Live blog: US urges citizens to leave Russia 'immediately' as war rages
The United States tells its citizens to get out of Russia due to the war in Ukraine and the risk of arbitrary arrest or harassment by Russian law enforcement agencies, as fighting rages on its 355th day.
Monday, February 13, 2023
"US citizens residing or travelling in Russia should depart immediately," the US embassy in Moscow has said. "Exercise increased caution due to the risk of wrongful detentions."
"Do not travel to Russia," the embassy said.
The United States has repeatedly warned its citizens to leave Russia. The last such public warning was in September after President Vladimir Putin ordered a partial mobilisation.
"Russian security services have arrested US citizens on spurious charges, singled out US citizens in Russia for detention and harassment, denied them fair and transparent treatment, and convicted them in secret trials or without presenting credible evidence," the embassy said.

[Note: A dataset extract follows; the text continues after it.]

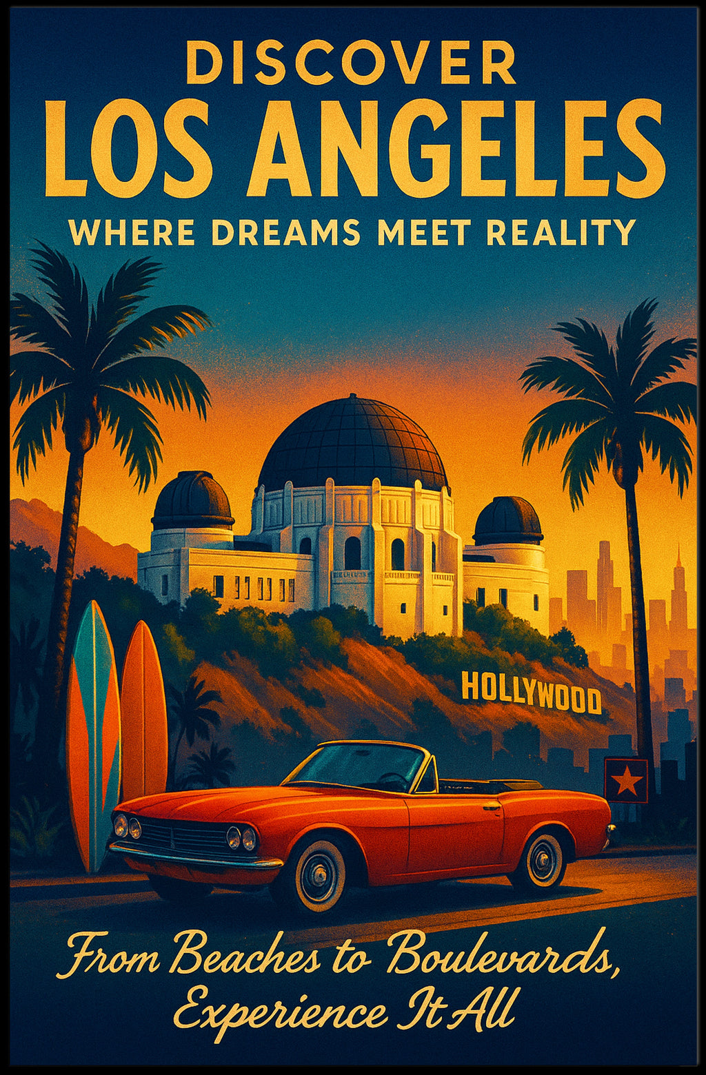 Capture the sun-soaked spirit of Southern California with the Discover Los Angeles Poster from PosterGoat. This vintage-inspired travel print features a classic red convertible parked beneath towering palm trees, colorful surfboards, and the iconic Griffith Observatory set against a warm orange-and-teal sunset — a nostalgic tribute to LA's beaches, boulevards, and Hollywood dreams.

Here are the other developments:
0708 GMT – Russian spy service says US grooming armed fighters to attack Russia
Russia's foreign spy service has said that it had received intelligence that the US military was grooming armed fighters to attack targets in Russia and the former Soviet Union.
Russia's Foreign Intelligence Service, headed by an ally of President Vladimir Putin, said it had intelligence that 60 such fighters from groups affiliated with Daesh and al Qaeda had been recruited and were undergoing training at an American base in Syria.
"They will be tasked with preparing and carrying out terrorist attacks against diplomats, civil servants, law enforcement officers and personnel of the armed forces," said the Foreign Intelligence Service, known by the initials SVR.
0220 GMT – Russia continues to shell Ukraine amid grinding push in east
Russian forces over the weekend continued to shell Ukrainian cities amid a grinding push to seize more land in the east of the country, with Ukrainian officials saying that Moscow is having trouble launching its much-anticipated large-scale offensive there.
One person was killed and one more was wounded on Sunday morning by the shelling of Nikopol, a city in the southeastern Dnipropetrovsk region, Gov. Serhii Lysak reported. The shelling damaged four residential buildings, a vocational school and a water treatment facility.
In Kharkiv, Ukraine's second-largest city, one person was wounded after three Russian S-300 missiles hit infrastructure facilities overnight, regional Gov. Oleh Syniehubov said. The Russian military said they hit armoured vehicle assembly workshops at the Malyshev machinery plant in the city.
Ukrainian forces also downed five drones — four Shahed killer drones and one Orlan-10 reconnaissance drone — over the Zaporizhzhia and Donetsk regions on Saturday evening, Kiev's military reported.
Overall, Russian forces carried out 12 missile and 32 air strikes in Ukraine over the past 24 hours, as well as over 90 rounds of shelling from multiple rocket launchers, Ukraine's General Staff reported in its daily update.
0215 GMT – Russia building 200-km water pipeline to Donbas
Specialists from Russia's defence ministry are building a water pipeline system that would connect the country's Rostov region bordering Ukraine with the Donbas region inside Ukraine, the state TASS news agency reported late on Sunday.
Moscow last year claimed the Donetsk and Luhansk regions, which make up the broader Donbas region in Ukraine, as "republics" of Russia, in a move condemned by most members of the United Nations as illegal.
The project, to be completed in the next few months, will have the capacity to carry 300,000 cubic meters of water per day and will include two 200-km (124-mile) lines, TASS reported, citing the defence ministry.
The water situation in the Donbas region, which has few resources, has been critical.
0110 GMT – Ukraine adopts decree sanctioning 200 people with links to Russia
Ukraine has adopted a decree sanctioning 200 people with links to Russia as Moscow’s “special military operation” against Kiev nears its first year.
Ukrainian President Volodymyr Zelenskyy signed the decree proposed by the National Defense and Security Council, according to a statement by the Ukrainian presidency.
The decree notably targets figures linked with Russia’s nuclear energy sector which Ukraine has attempted to include in a potential 10th sanctions package from European countries.
The sanctions, which will be in effect for 50 years, include measures such as the freezing of assets, complete restrictions regarding travel through the territory of Ukraine and the suspension of economic and financial obligations.